The project workflow consists of the following stages:
- Load the Student Performance dataset (CSV format).
- Handle missing or inconsistent data if present.
- Split the dataset into training and test subsets.
- Encode categorical variables (e.g., gender, ethnicity, parental education).
- Scale numerical features using standardization techniques.

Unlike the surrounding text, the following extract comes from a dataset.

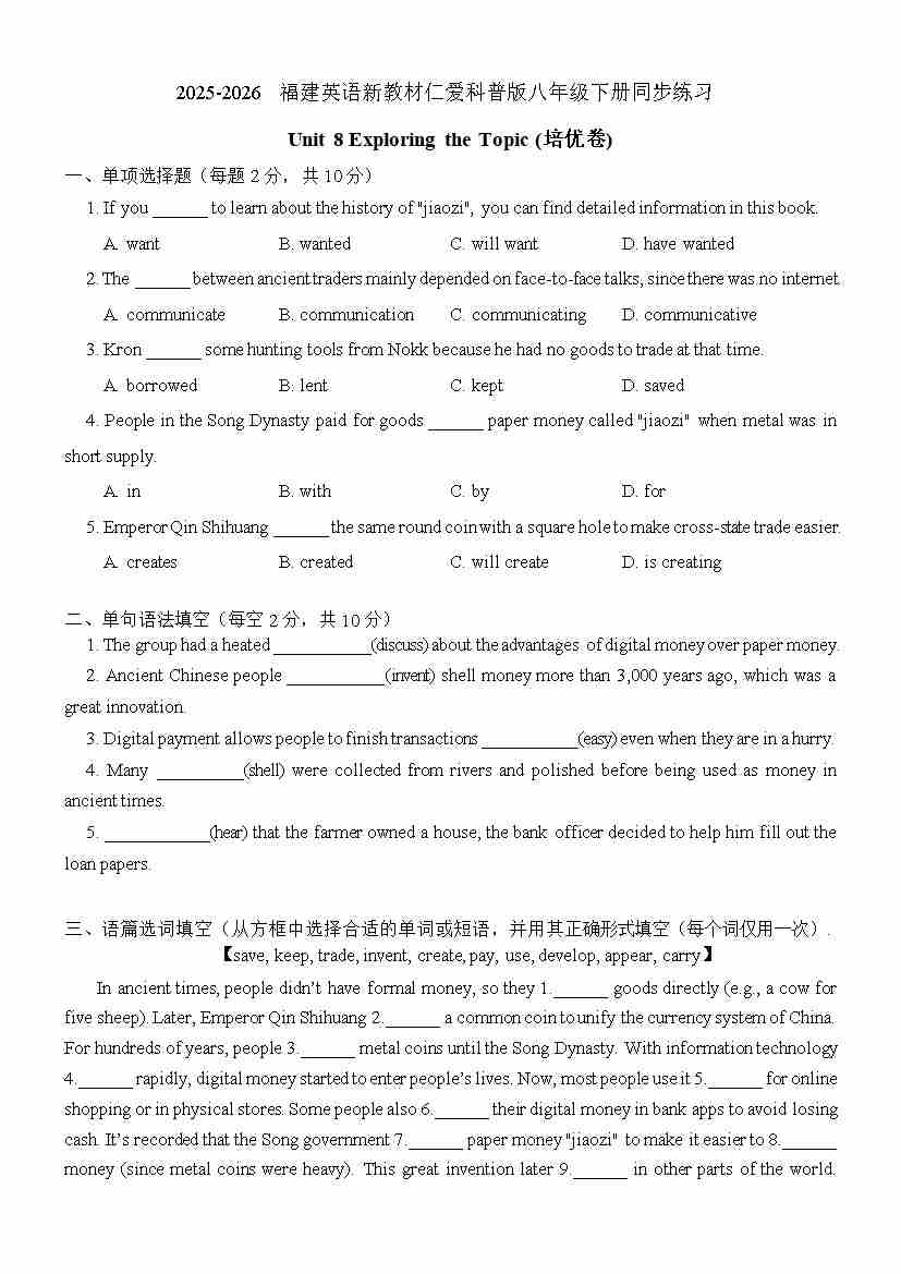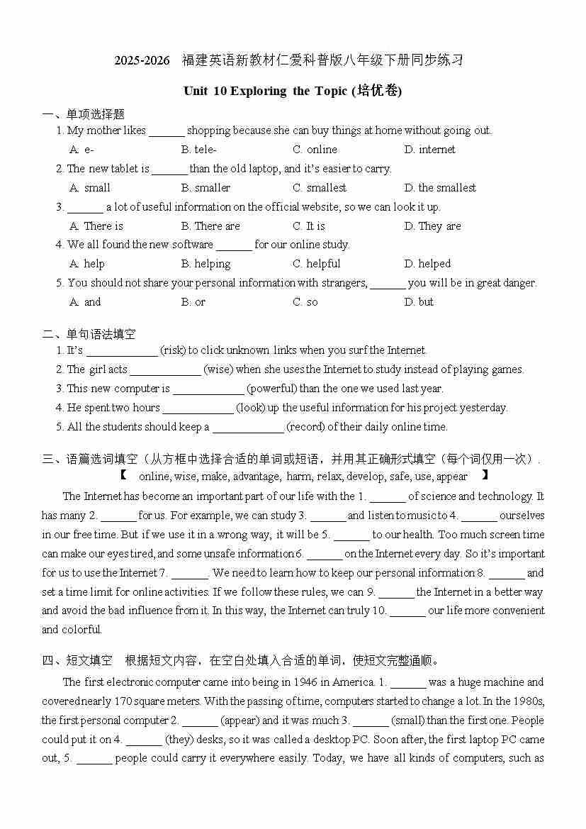 Unit 8 Exploring the topic 同步练习(培优卷) 2025-2026学年仁爱科普版八年级英语下册

- Build and persist the preprocessing pipeline using
picklefor future inference.
- Train multiple regression algorithms such as Linear Regression, Random Forest, and Gradient Boosting.
- Evaluate models using Mean Absolute Error (MAE), Mean Squared Error (MSE), and R² score.
- Select the best-performing model and persist it for deployment.
- Evaluate model performance on unseen test data.
- Analyze prediction errors and bias.
- Validate the pipeline's reproducibility and stability.
- Integrate the trained model and preprocessor into a Flask application.
- Accept user input through an HTML interface for real-time prediction.
- Render predicted math scores dynamically on the web page.
- End-to-End ML Pipeline: From raw data ingestion to live model inference.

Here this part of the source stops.